"""

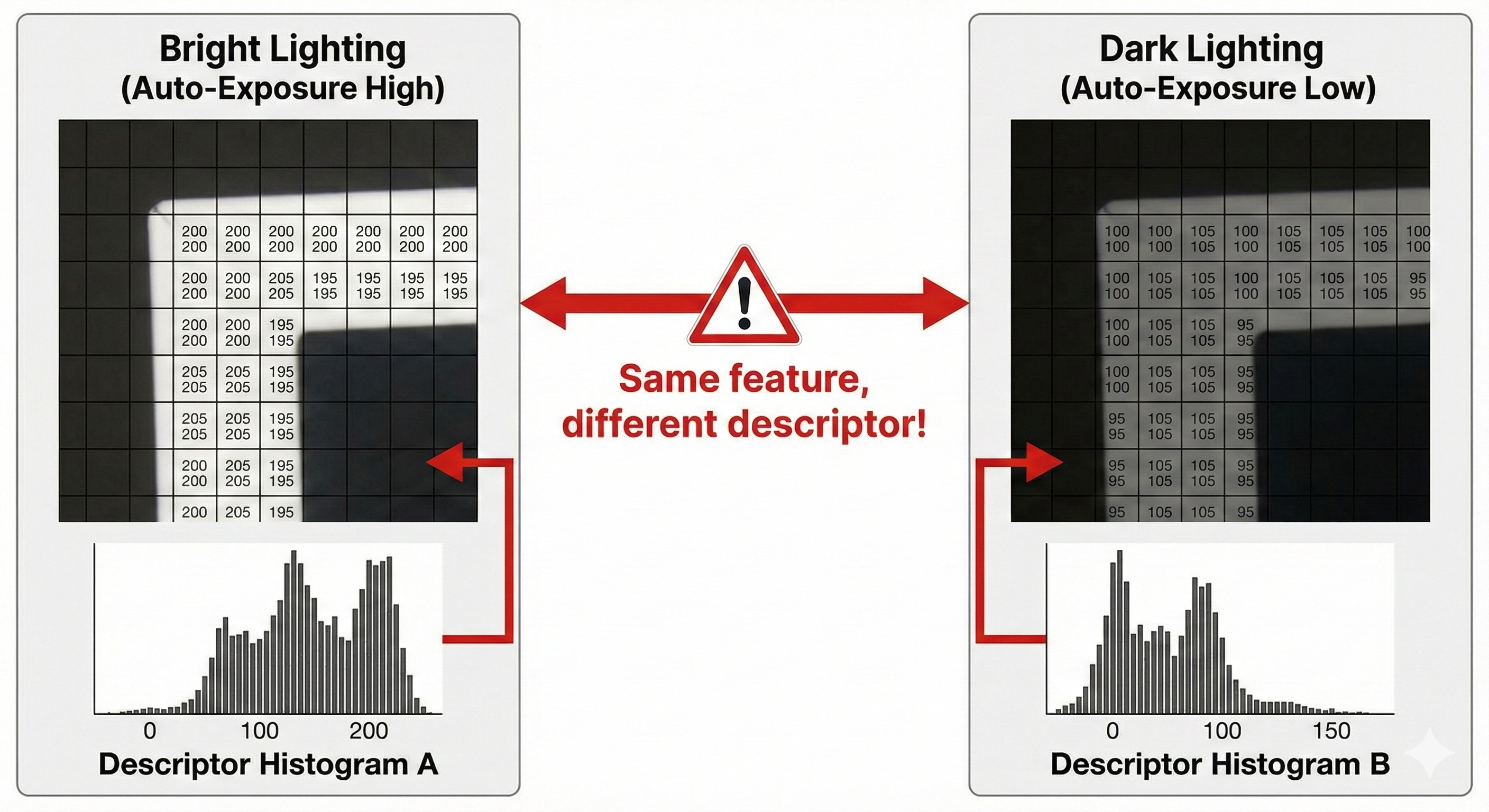 The problem: Same physical features have different pixel values after exposure change, causing descriptor mismatches!
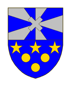 Coupé, en chef Gironné de six pièces d’azur et d’argent, au flanchis brochant, d’argent; en pointe d’azur à trois étoiles d’or rangées en fasce accompagnées en pointe de trois besants d’or.
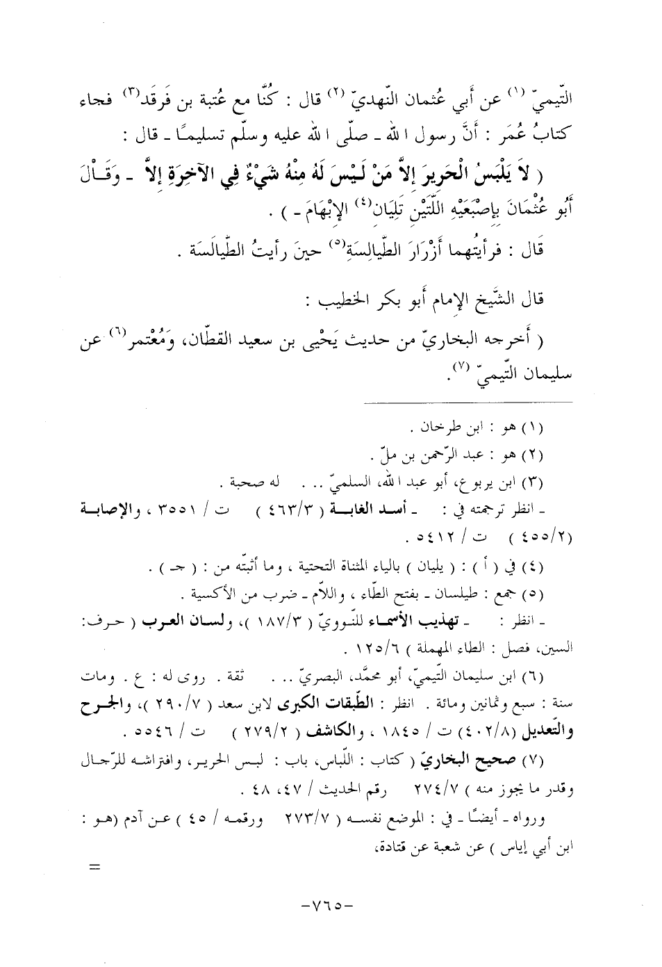 التَّيْمِيِّ (¬1) عَنْ أَبي عُثمان النَّهْدِيِّ (¬2) قَالَ: كُنَّا مَعَ عُتبة بْنِ فَرقَد (¬3) فَجَاءَ كتابُ عُمَر: أَنَّ رَسُولَ اللَّهِ صَلَّى اللَّهُ عَلَيْهِ وَسَلَّمَ تَسْلِيمًا قَالَ: "لاَ يَلْبَسُ الْحَرِيرَ إِلاَّ مَنْ لَيْسَ لَهُ مِنْهُ شَيْءٌ فِي الآخِرَةِ إِلاَّ" وَقَاْلَ أَبُو عُثْمَانَ بِإِصْبَعَيْهِ اللَّتَيْنِ تَلِيَانِ (¬4) الإِبْهَامَ.

"""

The task
Keeping both end lines, retype exactly the lines from the first line of the material through the line that contains "Coupé, en chef", but not the pictures.

Answer to this exercise
 The problem: Same physical features have different pixel values after exposure change, causing descriptor mismatches!
 Coupé, en chef Gironné de six pièces d’azur et d’argent, au flanchis brochant, d’argent; en pointe d’azur à trois étoiles d’or rangées en fasce accompagnées en pointe de trois besants d’or.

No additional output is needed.